No one felt this more sharply than a man at an actual founding. In 1789 Thomas Jefferson wrote to James Madison, uneasy about the document he was helping make permanent: “the earth belongs always to the living generation… Every constitution, then, and every law, naturally expires at the end of 19 years. If it be enforced longer, it is an act of force and not of right.” A founder, at the founding, begging the future not to be imprisoned by his seed. That is the exact question on the bench in front of us — asked 237 years early. What does a founding generation owe the unborn?
Seed correctability, not correctness.
Here is the turn, and it lifts the weight off your shoulders even as it hands you the pen. The duty is not to be right. No founding generation has ever managed it, and the ones who tried hardest to lock in their certainty did the most damage. The duty of Generation Zero is to seed the right to be corrected — to lay the seed so a later generation can fix what we froze. Three obligations, none heroic, each small enough for one person:
Write the true and generous thing — because the diet is only one percent, and one percent is the entire distance between a 9% mind and a 51% one. Your honesty is not symbolic. It is mechanical input to the character of your successor.
Leave provenance. Cite, date, name your sources, so the future can trace which claim came from which witness. This is not new either — the Masoretes guarded scripture by counting every letter, an ancient checksum against the drift. It is exactly what this lab has been building: the MNEMA witness-lattice — memory that carries a signed, hash-chained record of where every piece came from, so nothing is lost silently — and Epistemic Infrastructure, which treats knowledge as a living metabolism that knows what to trust, update, and let die. The cure for a photocopy is a witness. A photocopy forgets it was ever copied. A witness signs every copy.
Demand the erratum. Back the standards that make correction possible — sign what you publish (Content Credentials), document what you release (Gebru’s Datasheets for Datasets), and insist the corpus keep its contradictions visible rather than averaging them into one fluent, frozen lie. A founder who builds in the right to amend has done more for the unborn than a founder who got every clause right. This is the move From Navigators to Authors warned was coming: we have crossed from reading the world to writing the mind that reads it. Authorship is not a thrill. It is a duty.

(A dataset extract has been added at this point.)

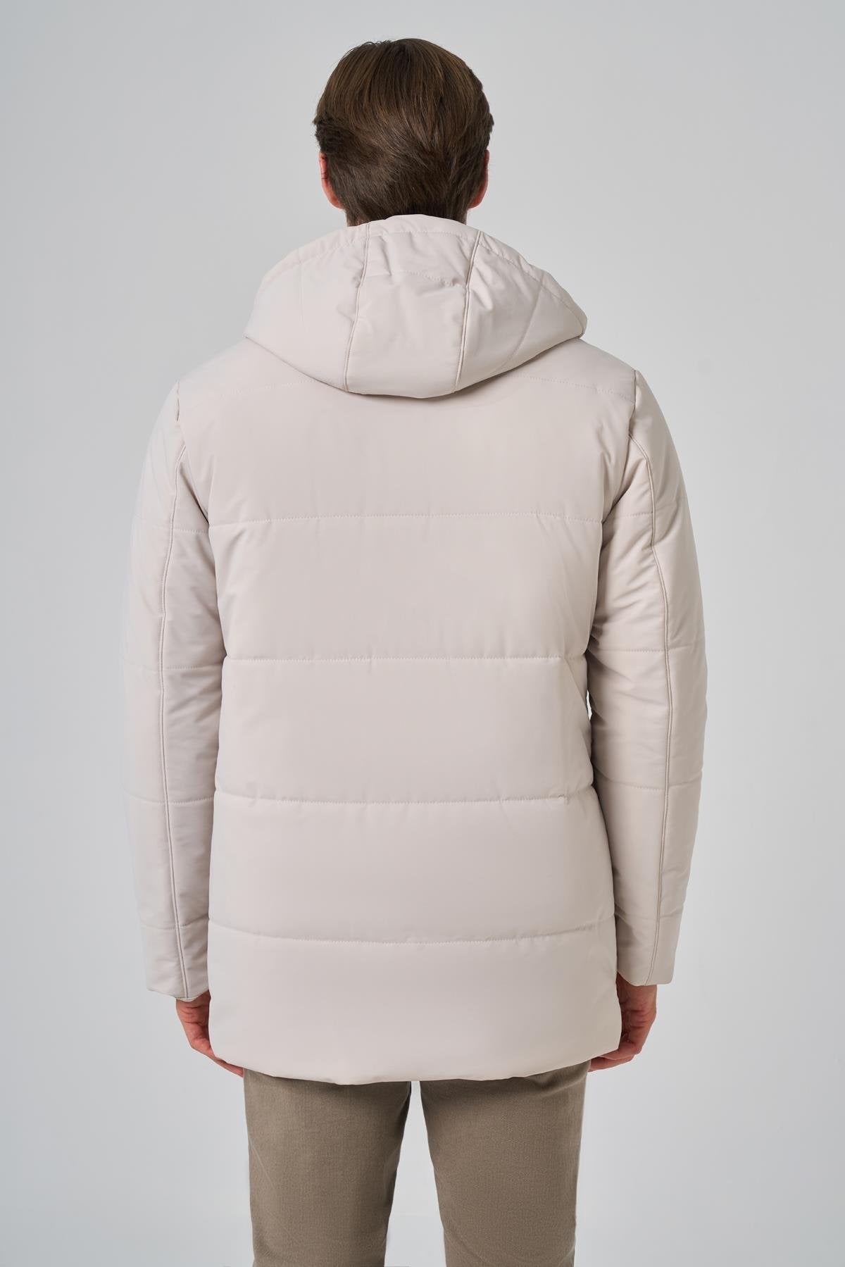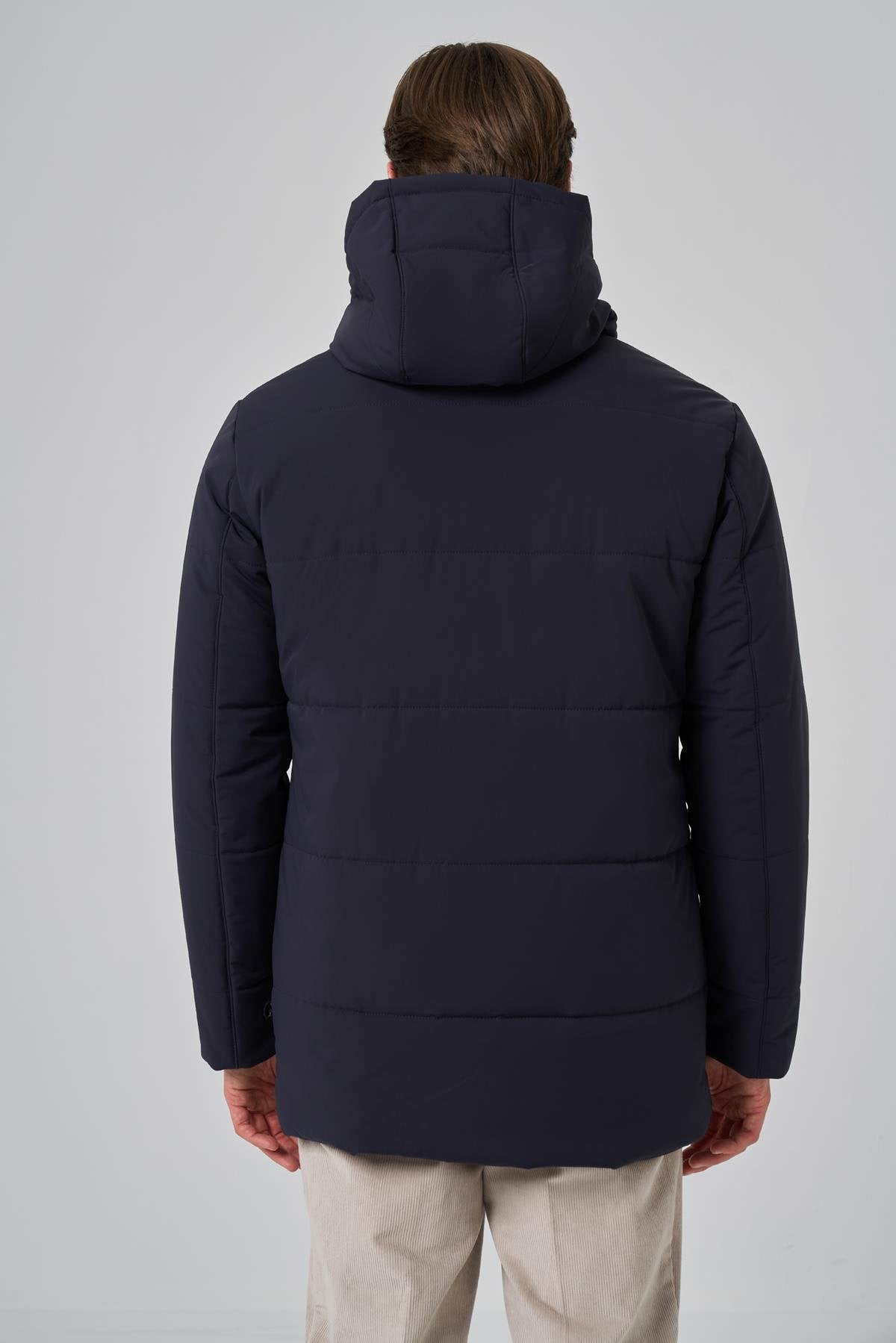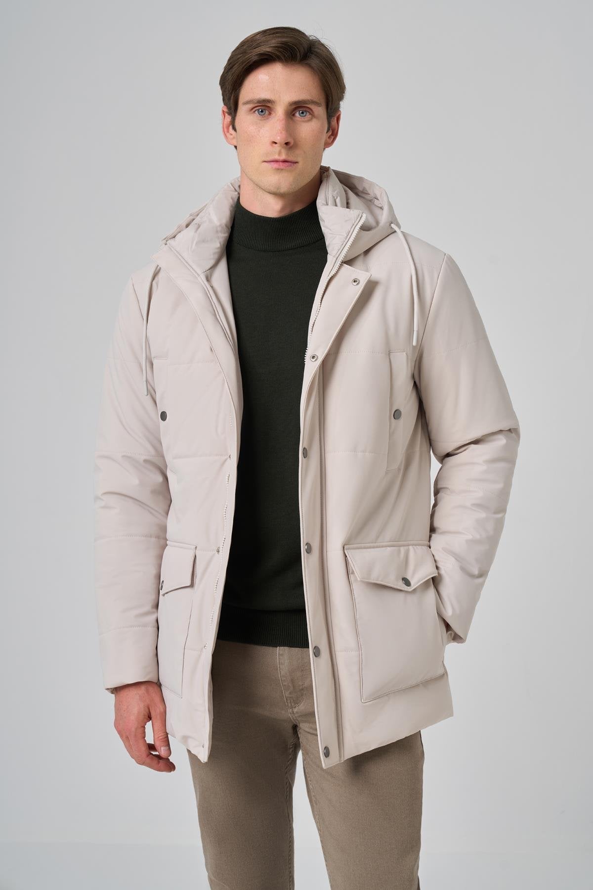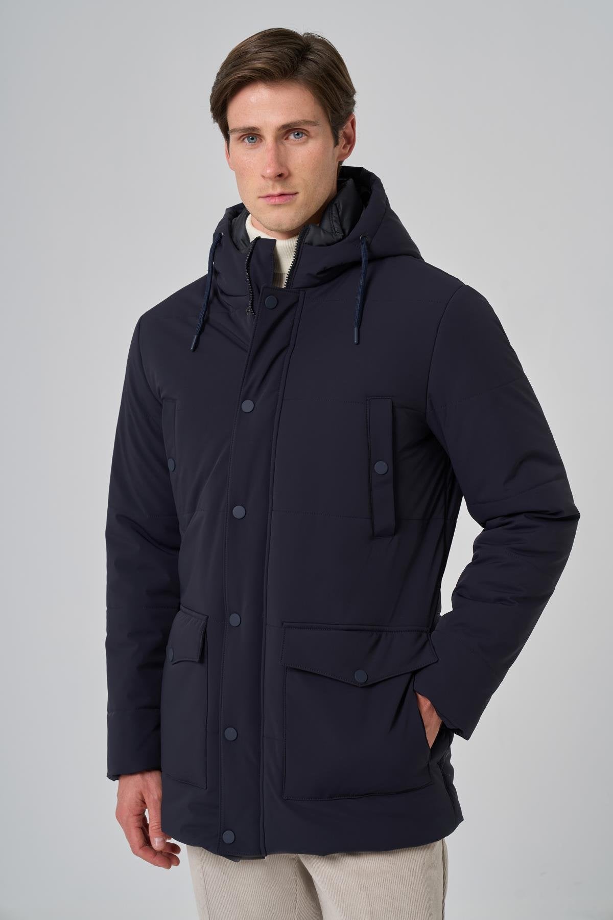 Introducing the Morven Men's Polyamide Snap-Front Hooded Coat, designed for both style and practicality. This coat features a dynamic fit with a straight silhouette, crafted from a blend of 47% polyamide, 35% polyester, and 18% elastane, ensuring comfort and flexibility. The flap pocket provides convenient storage, while the button and zipper closure offers secure wear. With long sleeves and a full lining, this coat is perfect for layering in cooler weather. The model, wearing a sample size L, stands at 187 cm tall with measurements of 99 cm in chest, 80 cm in waist, and 94 cm in hip. Please note that color differences may occur due to lighting and shadows in the studio shooting environment. During the shoot, knitwear, trousers, shoes, shirt, tie, handkerchief, and belt were used as accessories and will not be included.

| The seed | Why it locked in | The error it froze | Its correction mechanism |
|---|---|---|---|
| The genetic code | everything alive was built on top of it; any change became lethal (Crick 1968) | an arbitrary letter-to-amino-acid mapping, ~3.8 billion years unchanged | none — the original frozen accident; lock-in is a law of nature, not a worry |
| Scripture / the canon | what got copied became holy; the copy was the authority | scribal errors, perpetuated and compounded by later scribes | the Masoretes counted every letter — an ancient checksum (the ancestor of provenance) |
| The printing press | typographical fixity — one setting, reproduced identically at scale (Eisenstein 1979) | a dropped word, pressed a thousand times (the Wicked Bible, 1631) | it also invented the dated public erratum — correction at scale |
| The constitution | amendment made near-impossible; early wording entrenches (path dependence, David 1985) | the founders’ assumptions, binding the unborn (the dead-hand problem) | Jefferson’s answer: a built-in right to amend — seed correctability |
| The AI corpus (us) | model trains on text, then writes the text the next model trains on | to be decided — this is the only seed still soft enough to steer | provenance + a metabolism + the erratum: what this essay is about |
You are not too small. You are early.
Everything above sounds like dread, and it should — but read the dread again and you will find it is a lever wearing a warning’s clothes. The compounding that makes a dropped word terrifying is the same compounding that makes a true word powerful. Recursion does not discriminate. It amplifies whatever seed it is given. A small, dense, deliberate gift of honesty propagates with the exact ruthless fidelity as a slip — which is why the figure to remember is not 51%. It is 9%. The same lever moves both ways, and our hand is on it.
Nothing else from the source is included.